Bar graphs of the levels of minimum EPSP, maximum EPSP, and stimulation intensity required to reach 1 mV as obtained during the I/O recordings in the stratum radiatum of the hippocampal CA1 region for nonTg and 3xTg-AD mice +/- lipoic acid. Left panels (A, B, and C) correspond to data from young mice and right panels (D, E, and F) to data from old mice. Bar graphs showing the minimum EPSP or the fEPSP slope values at 100 µA and the error bars indicating ± SEM for (A) young mice and (D) old mice. Bar graphs showing the maximum EPSP or the fEPSP slope values at 350 µA and the error bars indicating ± SEM for (B) young mice and (E) old mice. Bar graphs showing the stimulation intensity required to reach at least 1mV output and the error bars indicating ± SEM for (C) young mice (p < 0.01; F = 8.9 repeated measures ANOVA) (young nonTg n = 7, young 3xTg-AD n = 7) and (F) old mice (p < 0.003; F = 14.6 repeated measures ANOVA) (old nonTg n = 6, old 3xTg-AD n = 7). Total n = 51 slices, n ≥ 5 slices/group and at least 3-4 animals/group. *P ≤ 0.05, **P ≤ 0.01.

Figure 9. Age dependent changes in the LTP of the 3xTg-AD mice and the lipoic acid effect.

LTP was induced at baseline intensity using theta burst stimulation (TBS) consisting of ten trains of five 100 Hz stimulation repeated at 5 Hz. Slope of EPSPs was measured and results normalized to the average value measured during the 10 min baseline period. Recording continued for at least 30 min following TBS and the last 5 min was used to calculate the LTP. Panels A, B, and C correspond to data from young mice, whereas, panels D, E, and F correspond to data from old mice (gray circles/bars – control (nonTg or 3xTg-AD), black circles/bars – fed lipoic acid (nonTg or 3xTg-AD + lipoic acid). A graph showing the first 10 min of baseline followed by the percentage of the baseline response elicited after TBS for 30 min for (A) young nonTg mice, (B) young 3xTg-AD mice, (D) old nonTg mice, (E) old 3xTg-AD mice. Bar graphs showing the measured LTP using % EPSP for the last 5 min of the response to TBS stimulation for (C) young mice and (F) old mice.

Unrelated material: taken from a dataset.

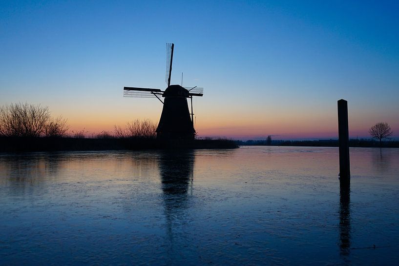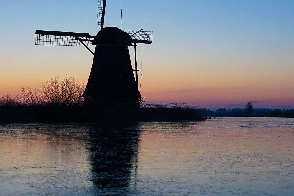 op het water ligrt een laag ijs, het is winter. de molen reflecteerd prachtig op dit ijs.

Total n = 51 slices, n ≥ 5 slices/group and at least 3-4 animals/group. *P ≤ 0.05, **P ≤ 0.01.

Figure 10. Sites of action and effects of lipoic acid on brain glucose metabolism.

The scheme shows the PI3K/Akt pathway of insulin signaling and the effects of lipoic acid on the different components investigated in this study: (A) glucose uptake, (B) total GLUT3 and GLUT4 expression, (C) translocation of GLUT3 and GLUT4 to the plasma membrane from intracellular vesicles, (D) changes in IRS-Tyr⁶⁰⁸ /IRS-Ser³⁰⁷ ratio, (E) activation of Akt, (F) phosphorylation of GSK3β at Ser⁹, and (G) synaptic plasticity.